Stimulation	Parameter	Vehicle	Tempol	Tempol Plus Catalase	DETC	L-NAME
0.5 Hz	BP (mmHg)	120 ± 3	129 ± 6	120 ± 6	130 ± 16	137 ± 4
	HR (B/min)	210 ± 17	205 ± 11	189 ± 18	187 ± 12	185 ± 20
	CBP (PU)	111 ± 15	112 ± 11	108 ± 22	105 ± 20	111 ± 19
	MBP (PU)	63 ± 14	59 ± 8	52 ± 6	54 ± 5	56 ± 8
1.0 Hz	BP (mmHg)	121 ± 3	129 ± 6	120 ± 7	129 ± 16	140 ± 5
	HR (B/min)	208 ± 17	203 ± 11	190 ± 18	187 ± 12	203 ± 16
	CBP (PU)	108 ± 13	111 ± 12	114 ± 23	106 ± 20	110 ± 19
	MBP (PU)	60 ± 12	57 ± 8	53 ± 6	55 ± 5	56 ± 8
2.0 Hz	BP (mmHg)	102 ± 3	129 ± 5	121 ± 7	129 ± 16	138 ± 5
	HR (B/min)	200 ± 17	199 ± 11	187 ± 17	187 ± 12	189 ± 22
	CBP (PU)	109 ± 14	110 ± 12	115 ± 23	105 ± 21	109 ± 19
	MBP (PU)	60 ± 14	59 ± 8	52 ± 6	54 ± 5	57 ± 8
4.0 Hz	BP (mmHg)	122 ± 2	130 ± 6	122 ± 8	127 ± 16	140 ± 5
	HR (B/min)	203 ± 17	201 ± 11	187 ± 18	187 ± 12	193 ± 19
	CBP (PU)	107 ± 13	109 ± 12	112 ± 23	101 ± 19	107 ± 18
	MBP (PU)	61 ± 14	50 ± 8	51 ± 5	55 ± 6	54 ± 8
6.0 Hz	BP (mmHg)	122 ± 3	132 ± 6	124 ± 8	127 ± 17	140 ± 5
	HR (B/min)	209 ± 16	202 ± 11	188 ± 18	168 ± 24	201 ± 17
	CBP (PU)	107 ± 14	109 ± 12	108 ± 22	98 ± 20	103 ± 20
	MBP (PU)	64 ± 15	55 ± 9	52 ± 5	53 ± 6	50 ± 6
8.0 Hz	BP (mmHg)	124 ± 3	132 ± 5	126 ± 8	125 ± 18	140 ± 5
	HR (B/min)	211 ± 17	200 ± 11	190 ± 19	166 ± 26	198 ± 17
	CBP (PU)	109 ± 14	107 ± 11	105 ± 20	95 ± 21	99 ± 21
	MBP (PU)	60 ± 17	57 ± 8	51 ± 6	53 ± 7	54 ± 7

presents the baseline levels of average blood pressure, heart rate, and cortical and medullary blood perfusion in SHRSPs. Vehicle infusion into the cortico-medullary border did not significantly alter these measures.

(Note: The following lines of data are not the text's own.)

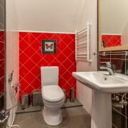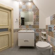 - Пол: плитка и ламинат.
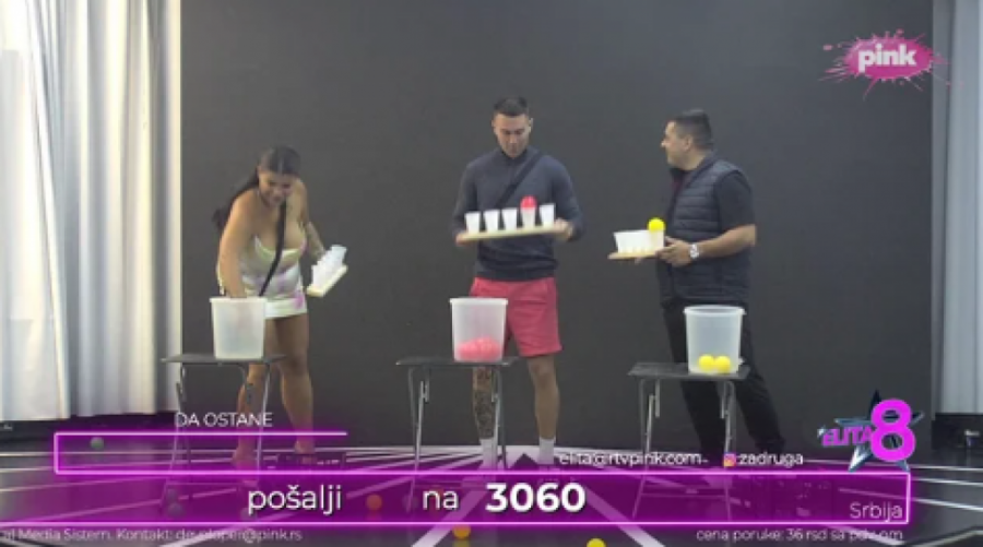 - Imate pet kuglica, pet čaša i treba da ih stavite tu. Ako ispustite lopticu, idete ispočetka. Kad završite, stavite lopticu u gajbicu. Ko pobedi, dupliraće mu se glasovi - rekao je Darko.
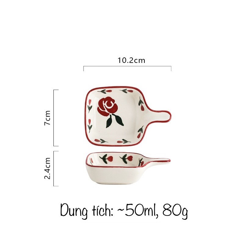 Giới thiệu Đĩa gia vị dáng vuông Cherry hoa hồng
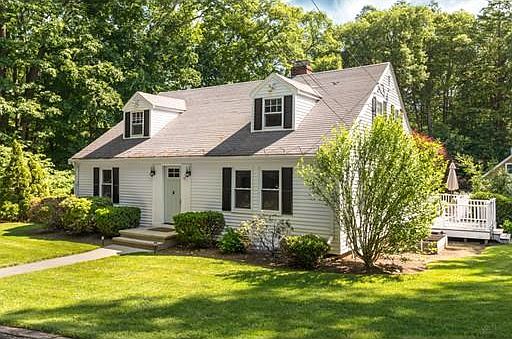 This pleasing seven room Cape is a study in clean design. On a private way, just a short hop from Dudley Pond, the flow of well-proportioned rooms lends an open feeling to the up-dated home. The bright Kitchen has plenty of storage, white cabinets, stainless steel appliances. Hardwood floors add warmth to the adjacent Dining Room and generous Living Room with Fireplace. The home provides a Master Bed Room, second Bed Room, plus a multi-use room for Office or Nursery. Glass Sliders lead out to a large wrap-around Deck, for views of the lush lawn, garden and decorative Koi Pond. Recent up-grades: renovated Bathroom with radiant heat, fresh paint throughout, BRs and Office carpets, 200 amp electrical service, Radon Mitigation System, Water Softener System, recessed lighting. There is Central AC and full Basement with Garage access. Architectural plans are on-hand for renovation of Walk-up dormered Attic. Near to hiking trail, town beach, boat launch, Happy Hollow Elementary & Wayland HS.
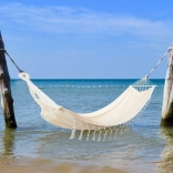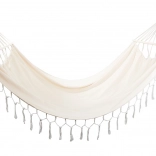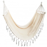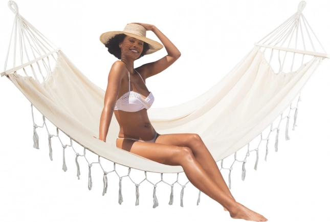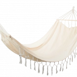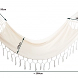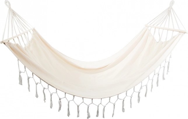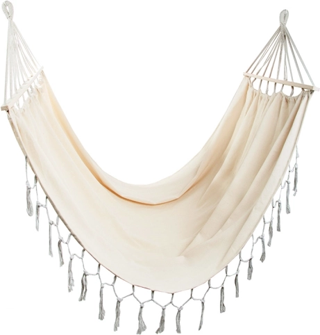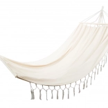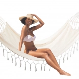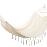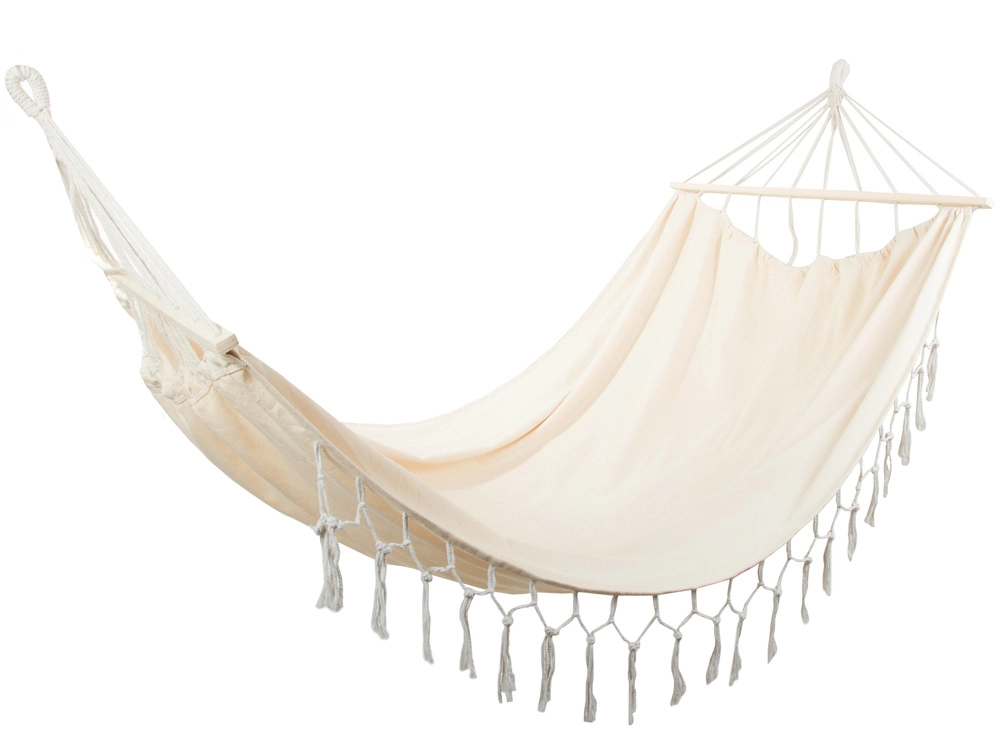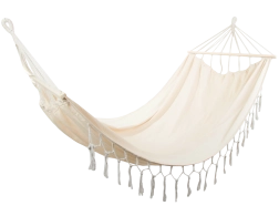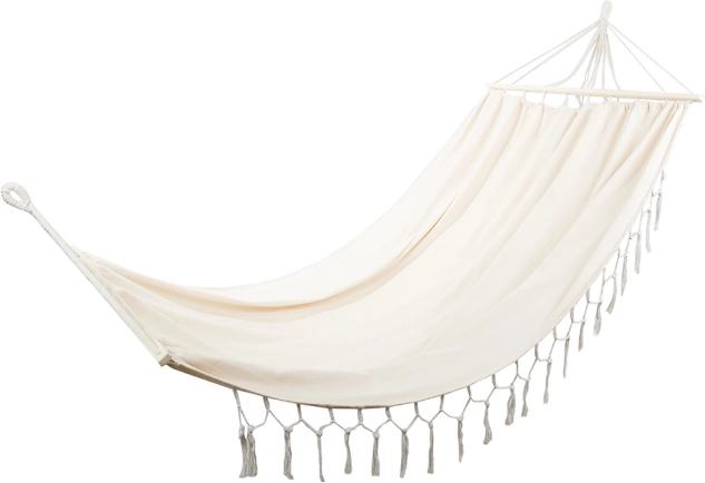 Ce hamac bohème est idéal pour les couples comme pour les personnes seules qui aiment le confort et le style. La large surface de couchage avec barres d’écartement maintient le tissu bien déployé, pour vous installer confortablement et profiter du calme au jardin, sur le balcon ou en vacances.
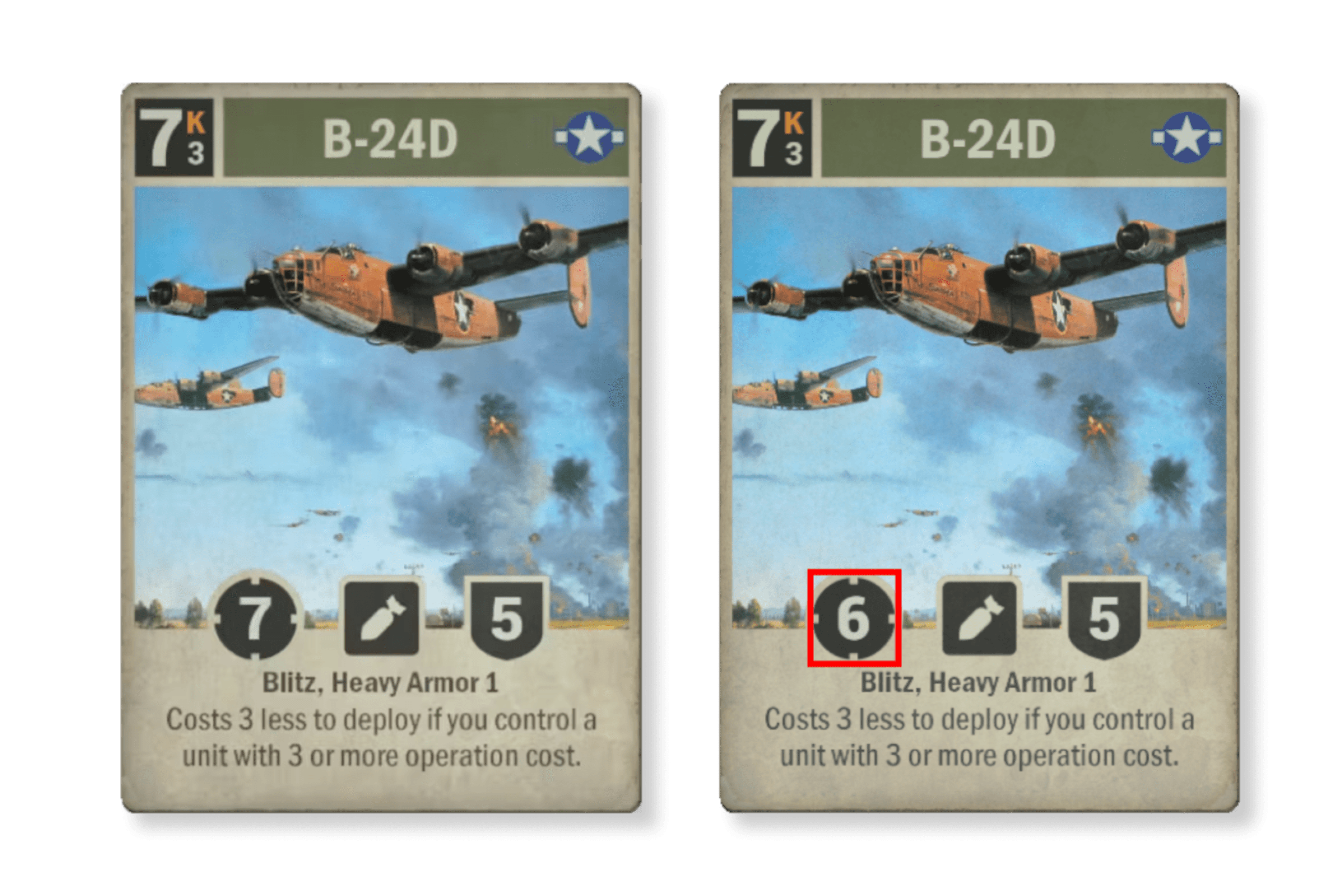 이 은근히 눈에 띄지 않는 카드, '생산 주문'이 제공하는 가치는 너무 컸습니다. 기존의 'B-24 리버레이터' 기본형과 비교했을 때 이 두 종의 파생형은 이익밖에 가져다주지 않는 그런 유닛이었고 '사기 카드'로서 너무 많은 활약을 했습니다. 면도날로 공격력 1을 덜어냄으로써, 이 카드들은 여전히 가치가 좋은 카드로 활약할 테지만, 성층권에서는 설치는 모습은 아마 보기 힘들 것입니다.
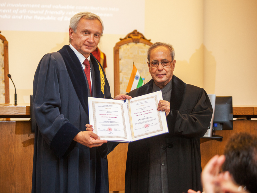 На ўрачыстым сходзе прэзідэнт Індыі быў удастоены звання ганаровага прафесара БДУ. Дыплом Пранабу Мукерджы ўручыў рэктар акадэмік Сяргей Абламейка. Такой узнагародай індыйскі дзяржаўны дзеяч ушанаваны за вялікі асабісты ўнёсак ва ўмацаванне і развіццё ўсебаковых сяброўскіх адносін паміж Індыяй і Беларуссю.
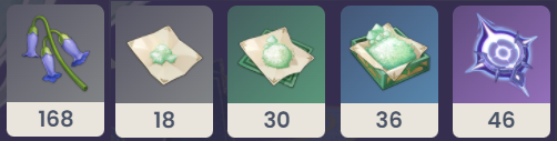 20级突破:生长碧翡碎屑*1、琉璃袋*3、蕈兽孢子*3、摩拉*2万
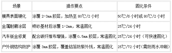 ●模具硬化:2-3mm(需分层涂覆,每层≤1mm)。
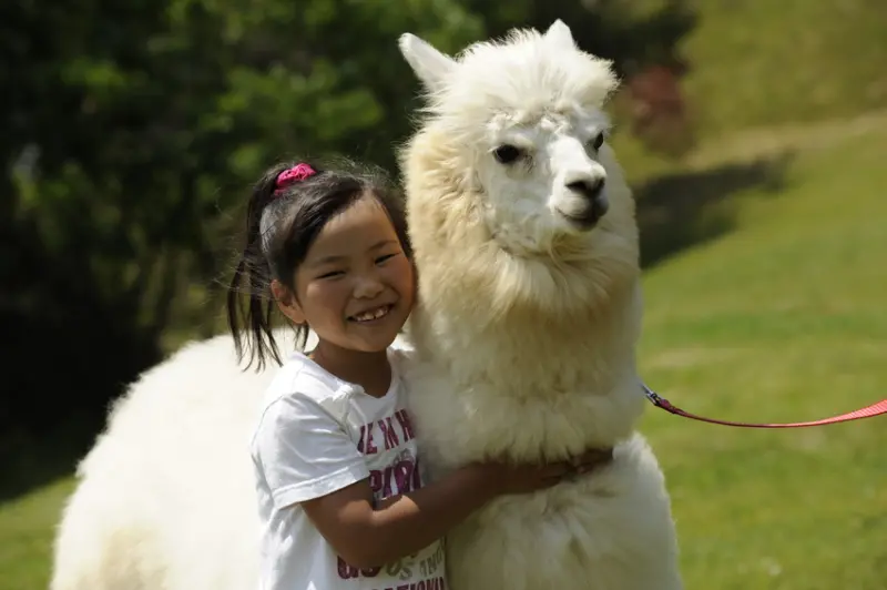 ▲備受歡迎的羊駝散步時,可輕輕觸摸牠、與牠合影。

RNS induced a frequency-dependent reduction in both CBP (by 43 ± 8% at 8 Hz; p < 0.05; n = 10; Figure 1A) and MBP (by 23 ± 4% at 8 Hz; p < 0.05; n = 10; Figure 1B) from baseline. These parameters were unaffected by vehicle infusion into the cortico-medullary border. Notably, there were significant differences in how RNS impacted cortical and medullary blood perfusion in the SHRSP (Figure 1C).

2.2. Effect of Renal Infusion of Tempol on CBP and MBP

Baseline levels of average blood pressure, heart rate, and cortical and medullary blood perfusion for this group are presented in Table 1. Baseline readings for all hemodynamic factors measured throughout these experiments remained relatively stable.

Before the infusion of tempol, RNS significantly reduced CBP by 51 ± 7% at 8 Hz from baseline (p < 0.05; n = 10; Figure 2A). When tempol was infused into the cortico-medullary border, RNS still evoked a significant reduction in CBP (43 ± 5% at 8 Hz from baseline; p < 0.05; n = 10; Figure 2A), but the magnitude of the CBP reduction did not differ significantly from that evoked under control conditions.

Under control conditions, RNS also significantly decreased medullary blood perfusion at frequencies of 6 Hz and above, with a maximum reduction of 19 ± 4% at 8 Hz relative to baseline (p < 0.05; n = 10; Figure 2B). However, similar to CBP, in the presence of tempol, RNS did not significantly attenuate the RNS-mediated decrease in MBP responses relative to control (maximum decrease of 14 ± 4% at 8 Hz; p < 0.05 compared to baseline; n = 10; Figure 2B).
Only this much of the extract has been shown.